Letztlich muss ich sagen, dass tatsächlich beides der Fall war: der Zauber war gleich am Anfang wieder da, aber meine Erwartungen konnten leider trotzdem nicht erfüllt werden.

Direkt nach den ersten Seiten, nachdem ich die Lage in Panem verstanden und wusste, in welchen Verhältnissen Snow hier lebt, war ich wieder komplett in diese Welt eingetaucht. Es ist natürlich nicht alles, wie Jahre später, als Katniss Tribut wird, sondern die Folgen des Krieges sind noch deutlich spürbar, aber das Denken und Mentalität des Kapitols war sofort da. Es ist erschreckend zu lesen, wie damals mit den Tributen schon vor den Hungerspielen umgegangen wurde, wie die Leute über sie dachten und generell, wie die Menschen aus dem Kapitol über die Hungerspiele und den Krieg denken. Das alles fand ich sehr interessant und spannend. Grundsätzlich ging die Geschichte schon sehr spannend los und konnte mich fesseln. Alles rund um die Hungerspiele und, wie Snow als Mentor agiert konnte mich begeistern. Doch nach ca zweidrittel des Buches ließ das nach und ich fand, das die Geschichte etwas gezogen hatte. Irgendwie ging das Tempo aber hier verloren und ich hatte nur noch auf das Ende hingefiebert, um zu erfahren, wie Snow zu dem Mann wird, den man aus der Trilogie kennt.
Besonders spannend und interessant fand ich auch den Vergleich von den Hungerspielen früher und heute und, wie sich das alles weiterentwickelt hat und, wie es dazu kam.

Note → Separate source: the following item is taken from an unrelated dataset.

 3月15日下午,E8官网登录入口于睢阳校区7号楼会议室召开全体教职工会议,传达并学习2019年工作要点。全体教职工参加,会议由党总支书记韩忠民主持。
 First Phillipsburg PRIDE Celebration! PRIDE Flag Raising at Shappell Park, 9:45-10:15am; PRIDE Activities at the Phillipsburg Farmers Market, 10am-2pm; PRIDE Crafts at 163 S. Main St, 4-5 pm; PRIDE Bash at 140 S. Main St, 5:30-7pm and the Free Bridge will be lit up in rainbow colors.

Snow ist eine sehr erschreckende Persönlichkeit. Ich hatte beim Lesen die ganze Zeit den Präsidenten im Kopf und hatte Schwierigkeiten, den 18-jährigen mit ihm in Einklang zu bringen. Alles, was er sagte und dachte habe ich analysiert und mit dem Präsidenten verglichen und schon viele Parallelen festgestellt, was ich sehr spannend fand. Es gab tolle Einblicke in Snows Leben und man lernte ganz neue Facetten von ihm kennen. Er hatte ein ganz anderes Leben, als ich anfangs gedacht hatte.
Lucy Gray ist einfach nur fantastisch. Ich habe sie sofort in mein Herz geschlossen und in ihr auch Parallelen zu Katniss gesehen, was ich natürlich faszinierend fand. Die Harmonie und Dynamik zwischen ihr und Snow hat mir ebenfalls sehr gut gefallen und die Geschichte interessant gemacht.

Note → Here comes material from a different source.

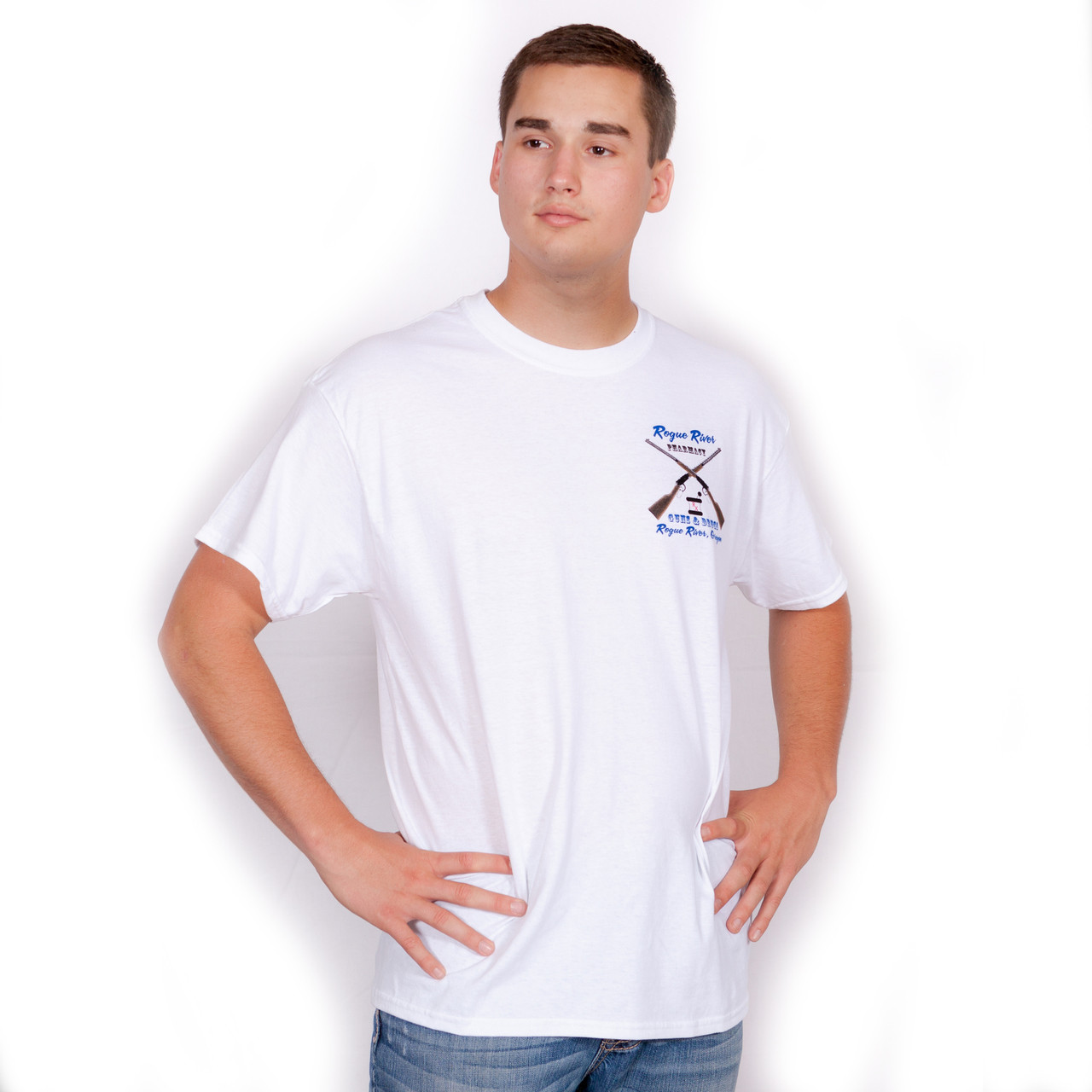 100% cotton preshrunk jersey or 90%/10% cotton/poly blend
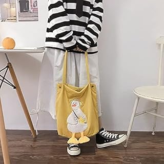 トートバッグ キャンバスバック ショッピングバッグ女性コーデュロイショルダーバッグかわいいアヒル刺繍ストライプキャンバスハンドバッグエコぬいぐるみ布トートソフトショッピングバッグ女の子YellowHat

Der Schreibstil ist einfach und flüssig gehalten, sodass ich gut und schnell voran gekommen bin. Die Atmosphäre, die hier kreiert wurde, hat mir ebenfalls sehr gut gefallen. Sie ähnelte der aus der Trilogie, hatte aber irgendwie noch etwas bedrückenderes und düstereres an sich, was vermutlich an dem kurz zuvor geendeten Krieg lag. Auch die Gefühle und Emotionen kamen hier gut rüber, sodass mich die Geschehnisse auch berühren konnten.

Insgesamt also ein ganz schönes Spin-Off zu der Panem-Reihe, das auch stark anfängt, aber im letzten Drittel etwas nachlässt.